Five British scientists who could help with March For Science London’s funding problem

Alex Lane
Five by five
Published in
4 min readMar 29, 2017

There is a war going on. It’s a War on Progress, where knowledge and reason stand on one side, and ignorance and superstition stand on the other. You can stand on the side of knowledge and reason with the London March For Science on April 22nd (or if you’re an idiot you can stand on the other side).

Money, as ever, is a problem: March For Science London needs £8,000 to cover the permissions, security and the stage and speakers in Parliament Square. Individual donors like me have taken it almost half way, and if everyone employed in science, technology, engineering and medicine (NO, NOT YOU HOMEOPATHY) in the UK donated £1, the March could probably go on for a week. Perhaps they need some inspiration?

Join the March for Science London on April 22

There are many smart people who’ve done a lot to popularise science in the UK over the past decade, and some of them have done very well out of it. There are the celebrity science fans (and ex-scientists) like Dara Ó Briain and Tony Robinson (who should also be helping), but the real leaders here should be the top scientists and engineers who have become household names and might have a few pennies down the back of their sofas.

Britain created and hosts many of the world’s leading scientists, making it tough to pick five, so don’t be limited by this very arbitrary selection. I’ve aimed for the wealthiest and most well-known, and I’m giving a free pass to Sir Tim Berners-Lee for inventing the World Wide Web and making all this possible.

So give them a tweet or hit up their Facebook pages to let them know that science needs their help now, more than ever . They can do a lot to raise awareness, but this is one situation where a simple intervention could make a lot of difference.

(Note: I’m not affiliated in any way with March For Science London).

The ultimate Brian Cox pose (BBC)

1 Professor Brian Cox @ProfBrianCox PBC OBE is the face of modern science, a boy-band Joe 90 who had physics downloaded into his brain for a mission and decided to stick with it.

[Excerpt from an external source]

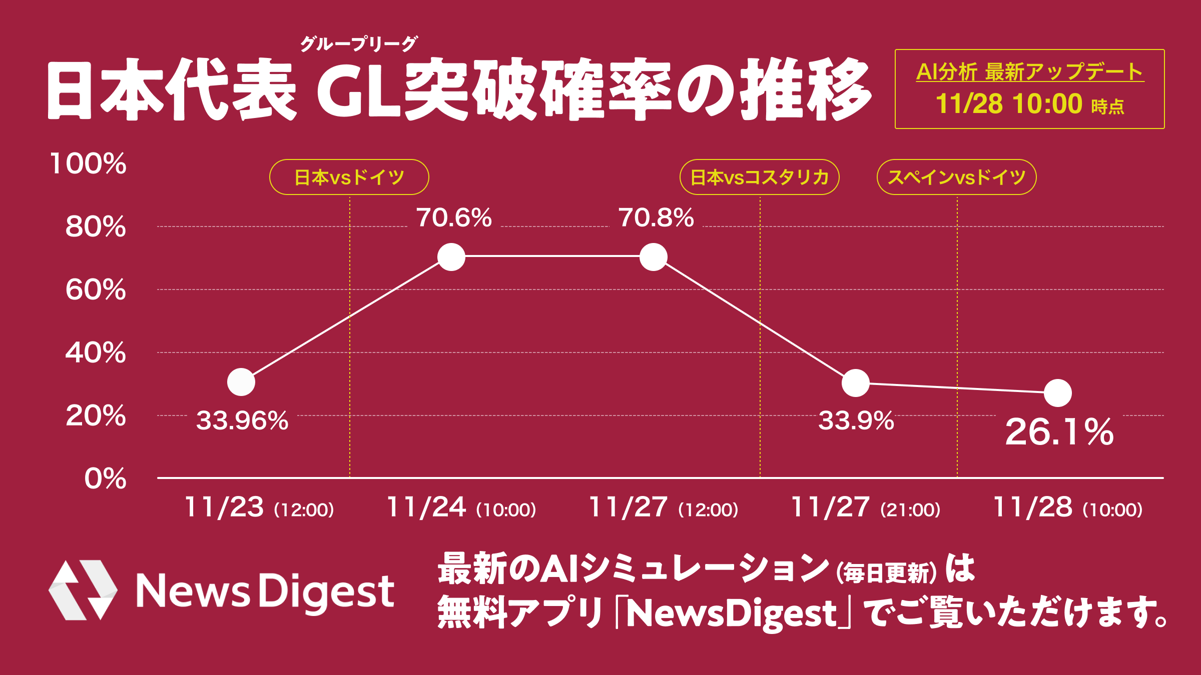 同19時から行われたコスタリカ戦で日本代表が敗北したことで、グループリーグを突破できる確率は33.9%まで下落。スペイン対ドイツ戦で引き分けたことで、突破確率はさらに26.1%まで下落しました。

Coxy never stops promoting science and reason, he’s got no time for woo, and surely he can spare a few quid out of the royalties from D-Ream and Dare or his collection of excellent pop-science books. I’m sure his mate Dara Ó Briain (Facebook Dara Ó Briain) could chip in too.

Prof Alice Roberts with her Time Team colleagues (UKTV)

2 Professor Alice Roberts @theAliceRoberts As Professor of Public Engagement in Science at the University of Birmingham, the March for Science London should be a high priority event for one of the most familiar female scientific faces in Britain. A solid publishing history should see her able to contribute to the march’s survival, and her connections could certainly help further.

Just a champion of science

3 Professor Stephen Hawking @StephenHawking8 Let’s not muck about: the World’s Most Famous Scientist(TM) has an estimated worth of £16 million. A Brief History Of Time has sold more than 10 million copies in 20 years. If he hasn’t spent it all on tiny spaceships to Proxima Centauri and he’s got time between baiting Donald Trump (who’s almost like an antimatter version of Hawking), he could really help out.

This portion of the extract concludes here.